**WORK REQUEST:** Below are some entries. Return exactly the lines from the one with "Basma and her" through the final line, leaving out any pictures.

**Collected data:**
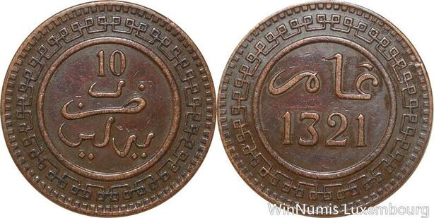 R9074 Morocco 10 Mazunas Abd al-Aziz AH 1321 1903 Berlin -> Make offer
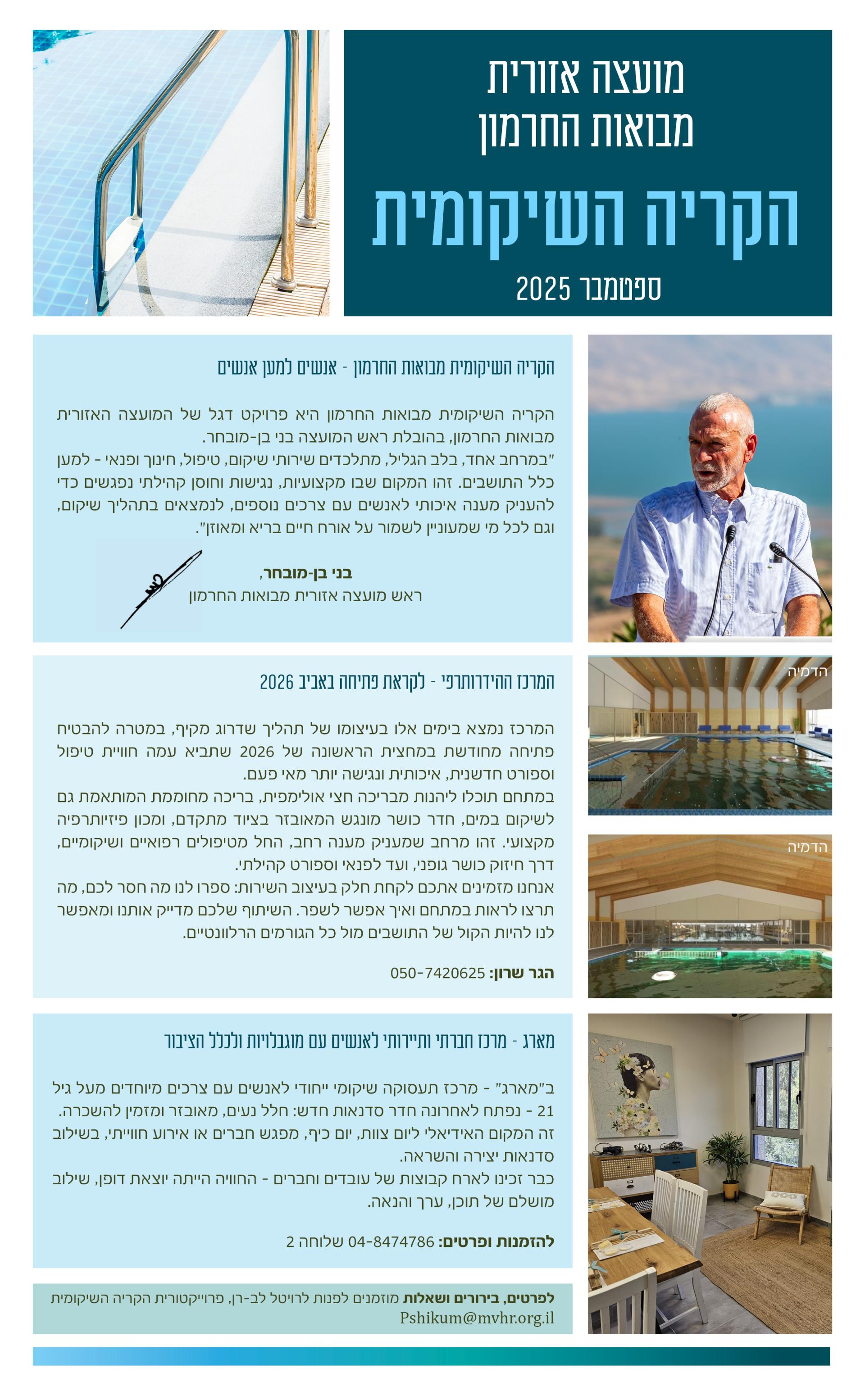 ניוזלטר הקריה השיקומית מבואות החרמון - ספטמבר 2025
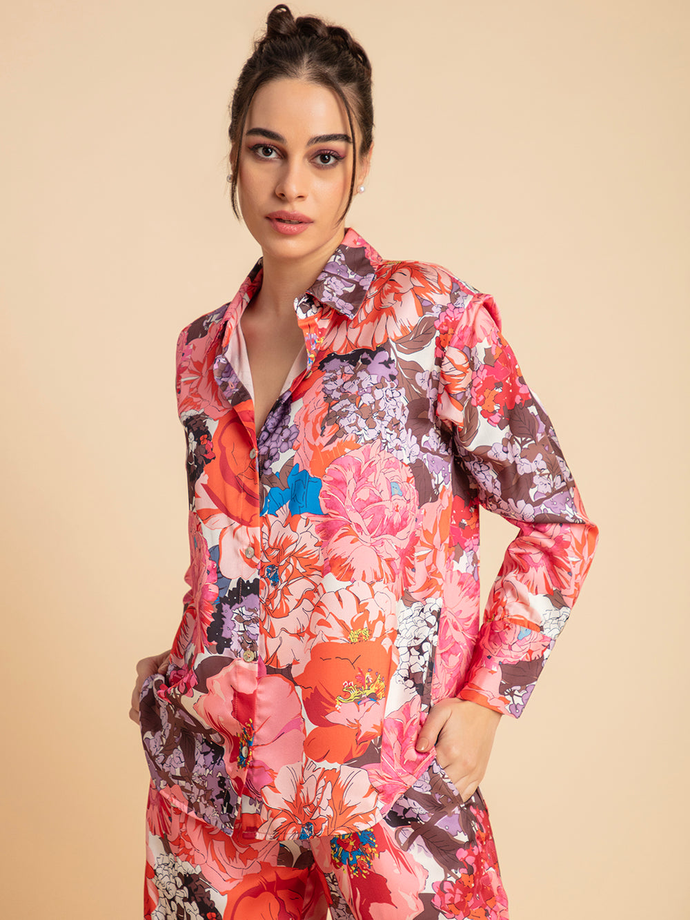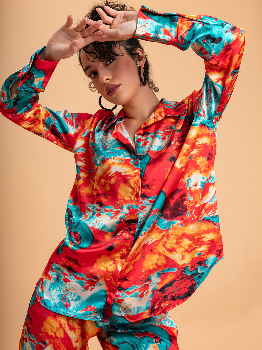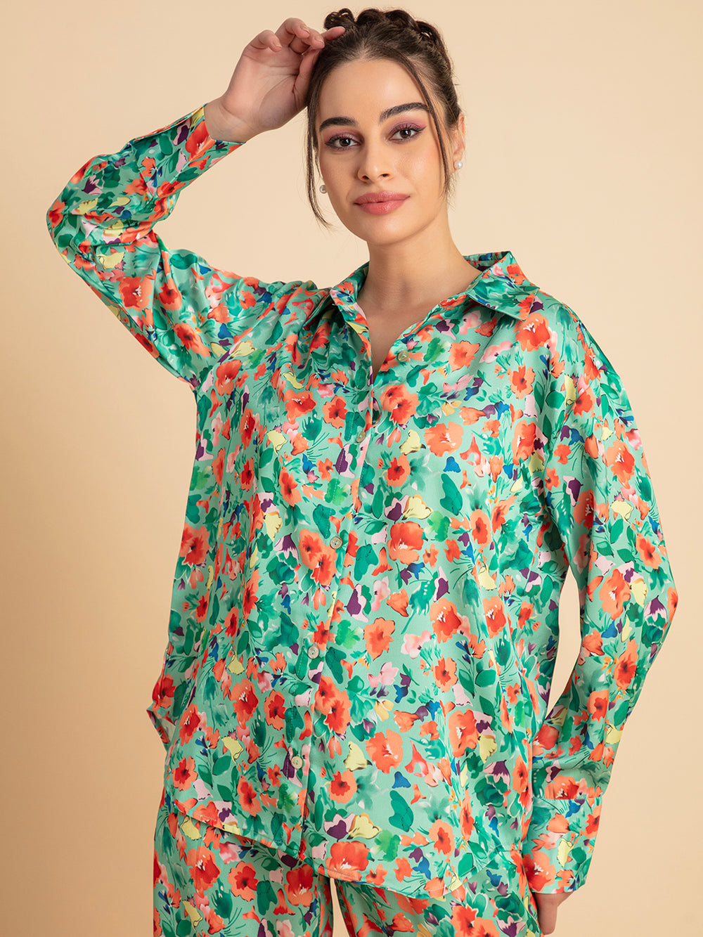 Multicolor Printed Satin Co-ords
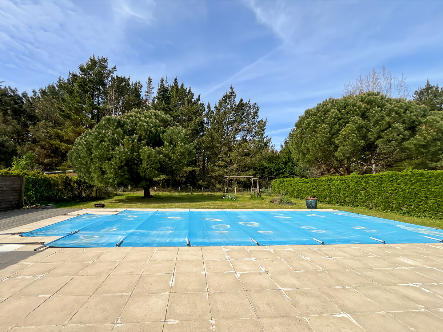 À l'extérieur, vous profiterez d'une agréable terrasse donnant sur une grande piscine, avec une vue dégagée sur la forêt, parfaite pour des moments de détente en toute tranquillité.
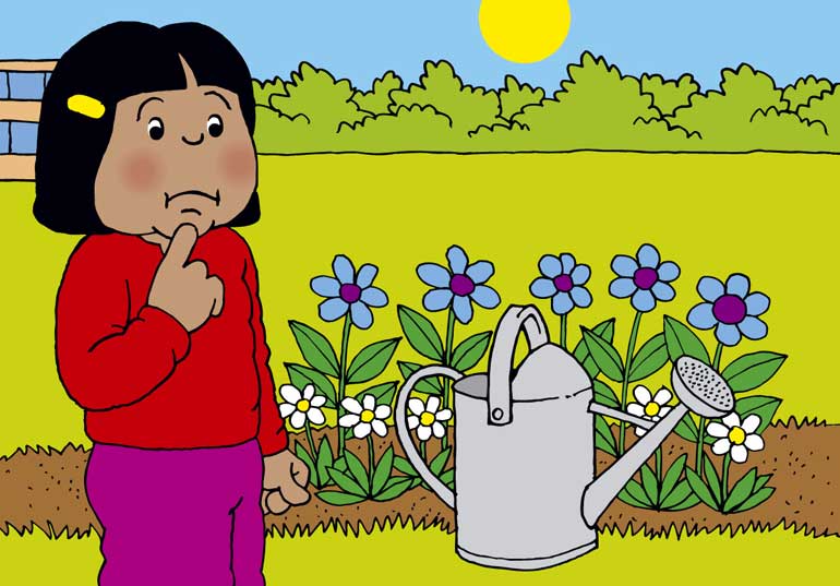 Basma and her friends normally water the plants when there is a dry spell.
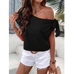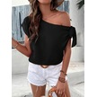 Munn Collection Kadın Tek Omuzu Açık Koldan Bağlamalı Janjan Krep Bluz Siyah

**REPLY TO THE TASK:**
 Basma and her friends normally water the plants when there is a dry spell.
 Munn Collection Kadın Tek Omuzu Açık Koldan Bağlamalı Janjan Krep Bluz Siyah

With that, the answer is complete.